Weiss/Manfredi is a multidisciplinary New York City-based design practice that combines landscape, architecture, infrastructure, and art. The firm's notable projects include the Seattle Art Museum's Olympic Sculpture Park, the Brooklyn Botanic Garden Visitor Center, the Tata Innovation Center at Cornell Tech, the Singh Center for Nanotechnology at the University of Pennsylvania, the Museum of the Earth, the Embassy of the United States, New Delhi, and Hunter's Point South Waterfront Park.

==History==
Marion Weiss and Michael Manfredi met in the late 1980s while working for Mitchel Giurgola Architects, LLP. In 1989, after both had left the firm and were working architecture professors, Weiss and Manfredi entered a design competition for the Women in Military Service for America Memorial at Arlington National Cemetery, which they eventually won, and founded Weiss/Manfredi. Prior to founding the firm, Weiss received her Master of Architecture at Yale University and her Bachelor of Science in Architecture from the University of Virginia. At Yale, she won the American Institute of Architects Scholastic Award and the Skidmore, Owings and Merrill Traveling Fellowship. In 2017, she was selected for Architectural Records's Women in Architecture Design Leader Award. Marion Weiss is the Graham Professor of Practice in Architecture at the University of Pennsylvania.

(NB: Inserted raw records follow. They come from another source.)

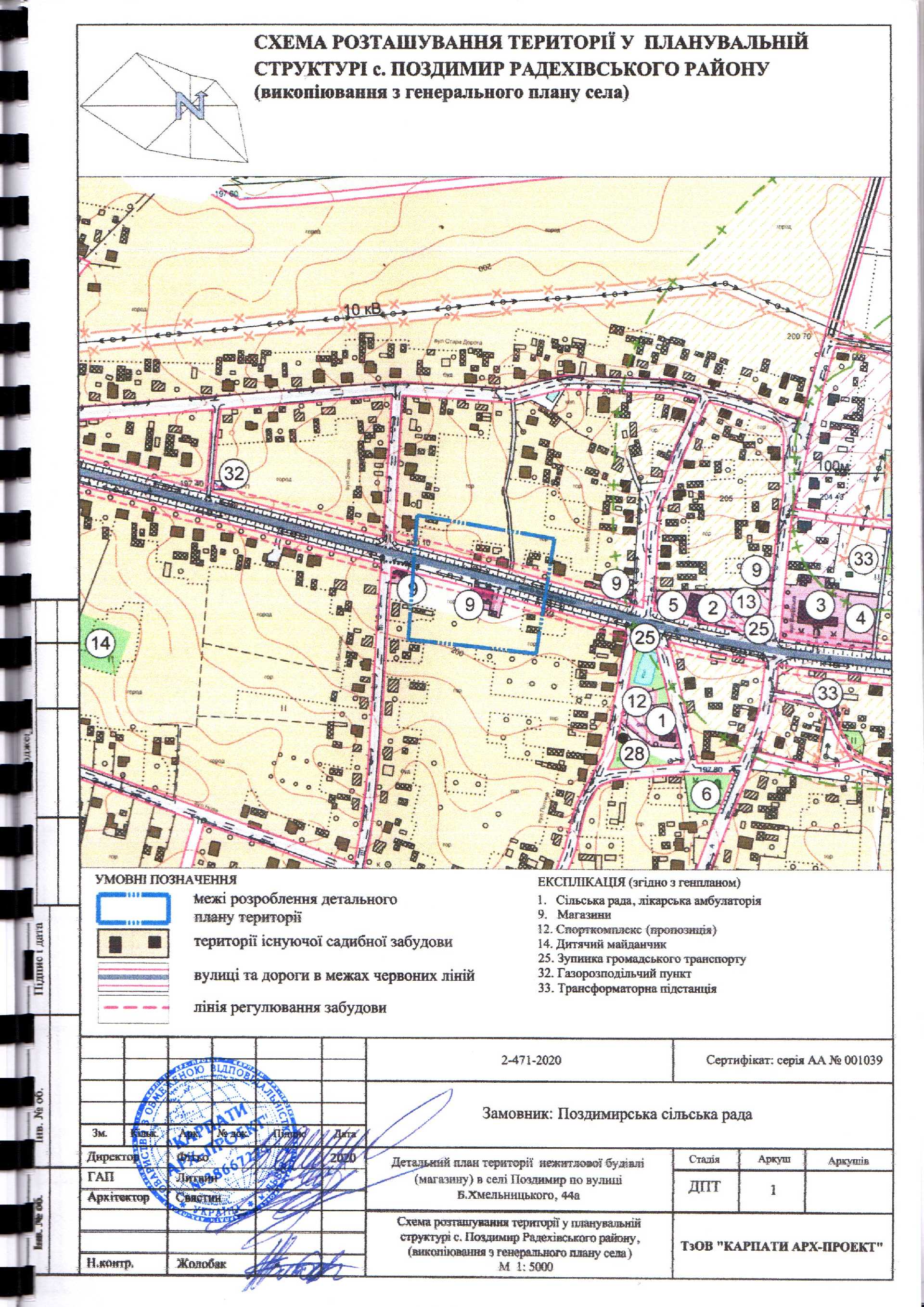 Детальний план території нежитлової будівлі ( магазину ) в селі Поздимир по вулиці Б.Хмельницького, 44 "а"
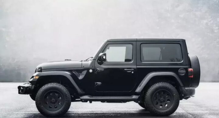 Этот двухдверный Wrangler имеет полностью черный оттенок без каких-либо оттенков хрома или других оттенков на корпусе. Спереди круглые светодиодные фары сохраняются, но оригинальная решетка радиатора заменяется на эксклюзивную горизонтальную. Это не имеет никакого значка вообще. Надпись «STERLING» наклеена на край капюшона.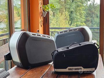 Vendo a metà prezzo dei bauli laterali modello sport, comodi per viaggi, con borsa interna estraibile, compatibili con tutti i modelli di Harley-Davidson Panamerica 1250. Vendo per inutilizzo, bauli in perfette condizioni.
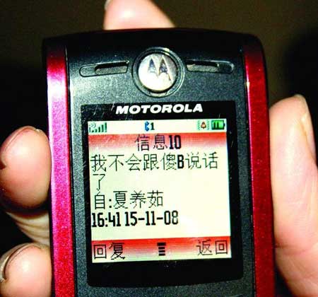 打工妹史小霞和夏養(yǎng)茹互罵的短信 記者李華攝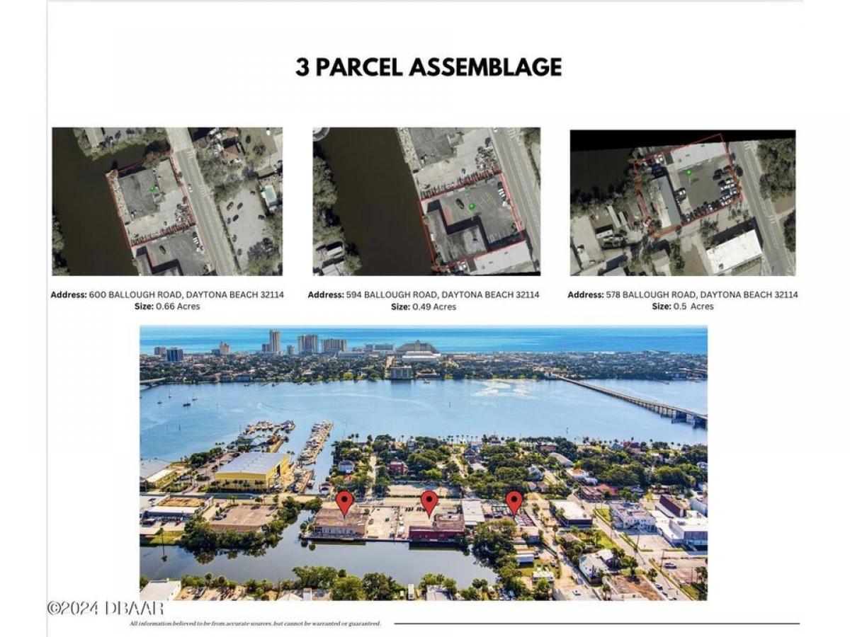 LOCATION, LOCATION, LOCATION!!! 594 Ballough Rd is being sold #039;#039;as is#039;#039; as part of an assemblage sale. MULTIPLE PARCELS READY FOR DEVELOPMENT. Bring all offers!!! Located in the Daytona Design District, which is connected to Downtown Beach Street is undergoing a transformation, and investors are now able to advantage of this opportunity and be a part of how this part of our city takes shape. These lots are part of the Downtown Ballough Road Redevelopment Area Plan, with city grant opportunities for this area. All three parcels are being sold together and include the following parcel ID#039;s. 1. 533805000510 (600 Ballough Rd - 0.66 acres) 2. 533805000480 (594 Ballough Rd - 0.40 acres) 3. 533805000440 (578 Ballough Road - 0.5 acres) This is an incredible opportunity for a visionary developer to revitalize and expand the area into a distinctive vertical mix-used multifamily apartment community. Shops and other retail that will complement businesses along the river. Call L/A for more information and a booklet of the project opportunity.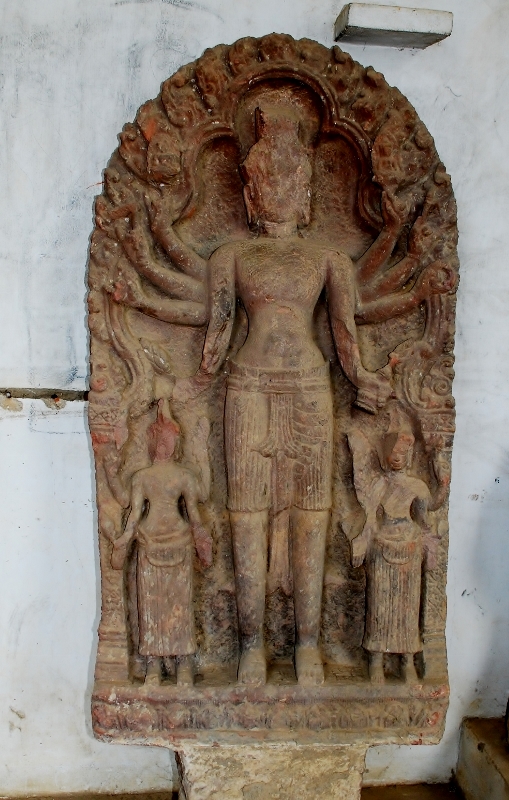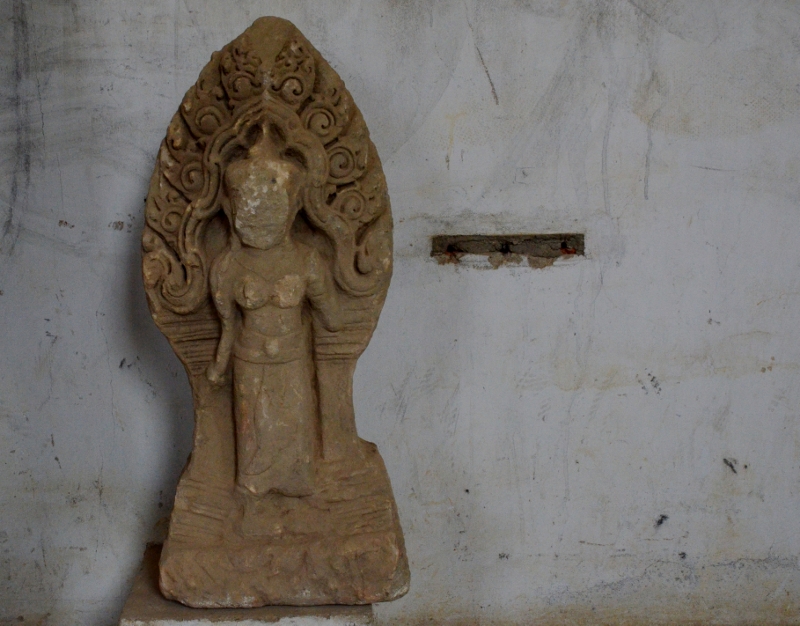 ワット ポウェル 「寺院」 石像 NO1 バッタンバンの町にワット ポウェルと言います大きな寺院があり その一つの建物の中に クメール遺品が保管されています 主なものは石像とリンテルです 多分 バッタンバン州の付近から出土したものを保管しているのでは |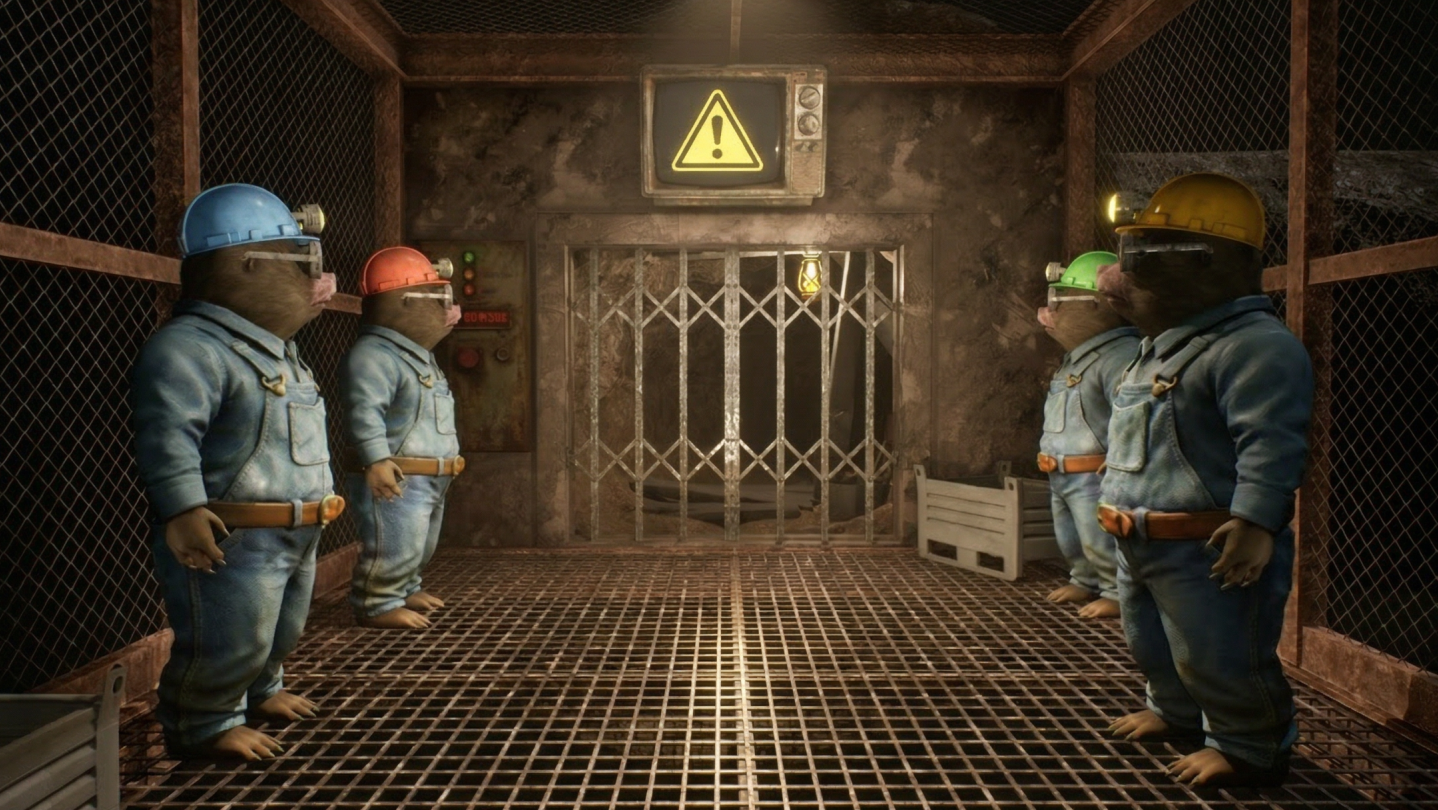 Only a limited number of players are authorized to enter the galleries at a time. The remaining teammates stay in the elevator, assisting from above through voice communication, coordinating decisions and guiding the team. Roles rotate between runs, and players can still split underground by descending into vertical shafts using ropes.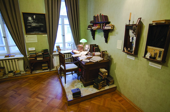 У кабінеті стояв «легендарний» стіл: за ним письменник беззмінно творив протягом більше 8 років, написавши за цей час такі твори, як «Біг», «Кабала святош», «Майстер і Маргарита». Біля стіни стояли книжкові полиці темно-коричневого кольору, а сам кабінет був оформлений в синіх тонах.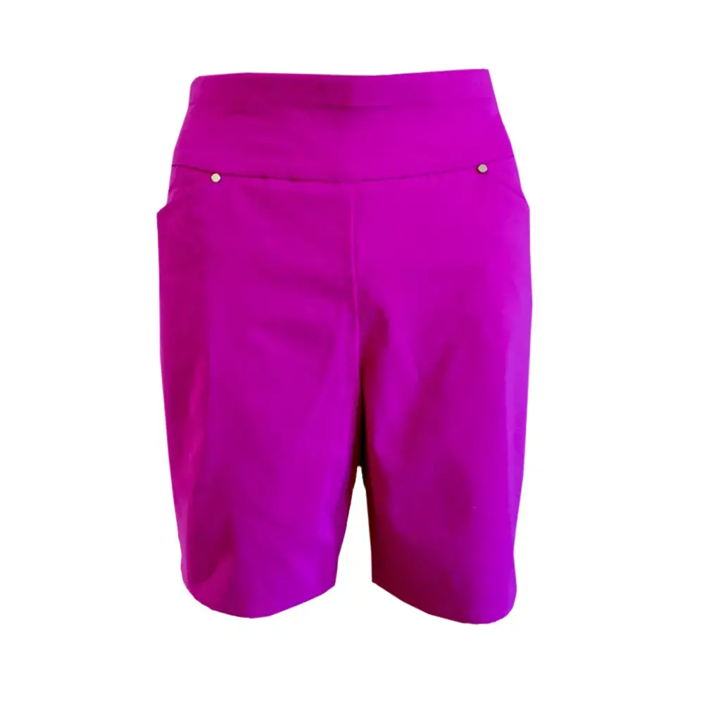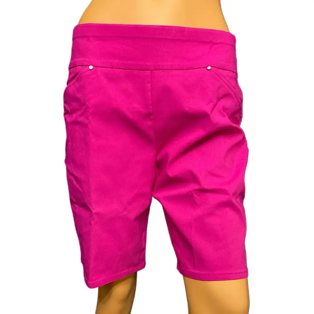 These INC International Concepts bermuda shorts make a bold statement in eye catching fuchsia pink. The pull on design features a wide comfortable waistband and stretchy fabric for easy all day wear. Front slant pockets with silver stud accents add subtle detail. Side hem vents with button trim allow for extra movement. Mid rise, regular fit that's tailored through the hip and thigh. New with tags, never worn.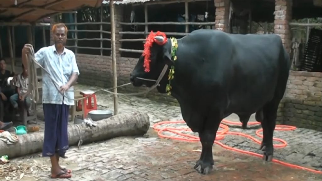 তার নাম চাঁপাই সম্রাট। চালচলনে সম্রাটের মতো হলেও, আচরণে তিনি বেশ শান্তই। চাঁপাইনবাবগঞ্জের শিবগঞ্জের হাজারবিঘী গ্রামের জুলফিকার আলীর পোষা গাভী থেকে জন্ম সম্রাটের। ৫ বছর ধরে সন্তানস্নেহে লালন-পালন। জন্মের পর থেকেই সুঠামদেহী হওয়ায় আলাদাভাবে পশুটির যত্ন নেন জুলফিকার। এবারের কোরবানির হাট উপলক্ষে জুলফিকার চাঁপাই সম্রাটের দর হেঁকেছেন ৩০ লাখ টাকা। গরুটি ফ্রিজিয়ান জাতের।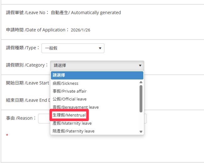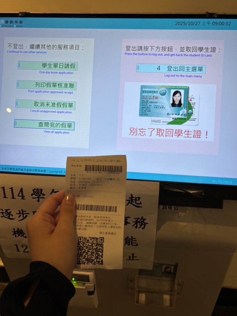 まず、私が台湾における生理事情に関心を持ったのは、大学が認定する「生理休暇申請」の存在を知ったことがきっかけです。私の通っている淡江大学では、女子生徒が毎月生理休暇を取得することができるシステムがあります。取得方法は非常に簡単で、生理に関する体調不良によって欠席を希望する日付をWeb上で申請し、指定の機械で証明書を印刷、該当する授業の担当教員に渡すというものです。このようなシンプルな申請によって、欠席が公欠扱いとなります。ちなみに、生理休暇のほかにも育児休暇や流産休暇なども学生の権利として明記されています。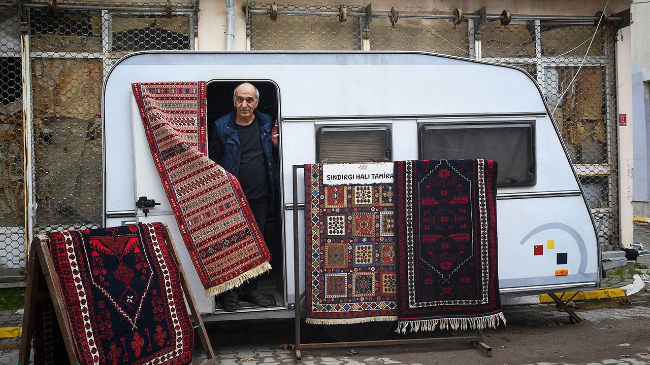 Bunun üzerine satın aldığı bir karavana iş yerini taşıyan Öztürk, yaşamını da sürdürmeye başladığı araçta halı ve kilim tamiratı yapıyor.

Manfredi received his Master of Architecture at Cornell University where he studied with Colin Rowe. He won the Paris Prize, was selected as a Cornell Fellow, and was awarded an Eidlitz Fellowship. Both Weiss and Manfredi are National Academy inductees and fellows of the American Institute of Architects.

Weiss/Manfredi has received an Academy Award for Architecture from the American Academy of Arts and Letters, an Architectural League Emerging Voices award, the New York AIA Gold Medal of Honor, the New York AIA President’s Award, the Cooper-Hewitt National Design Award for Architecture Design, and the Thomas Jefferson Foundation Medal in Architecture.

==Notable projects==
Weiss/Manfredi's design was chosen for the Museum of the Earth in Ithaca, New York. The project was completed in 2003, and in 2004 won an American Institute of Architects (AIA) Excellence in Design Award and an Honor Award for Architecture.

The firm's design for the Seattle Art Museum's Olympic Sculpture Park, awarded by international competition, was completed in 2007. It was recognized as the 'Nature' category winner at the World Architecture Festival; it also won the I.D. Magazine Environments 'Best in Category' Design Award in 2008,
a Progressive Architecture Award, multiple AIA Awards, an ASLA Honor Award, the EDRA Places Award, and was the first North American project to be awarded Harvard University’s International Veronica Rudge Green Prize in Urban Design. The firm's design for The Diana Center, a multi-use arts building at Barnard College won a national design competition and a Progressive Architecture Award. Upon its completion in 2010, the Diana Center also won the New York State AIA Best Building Award as well as a National AIA Honor Award.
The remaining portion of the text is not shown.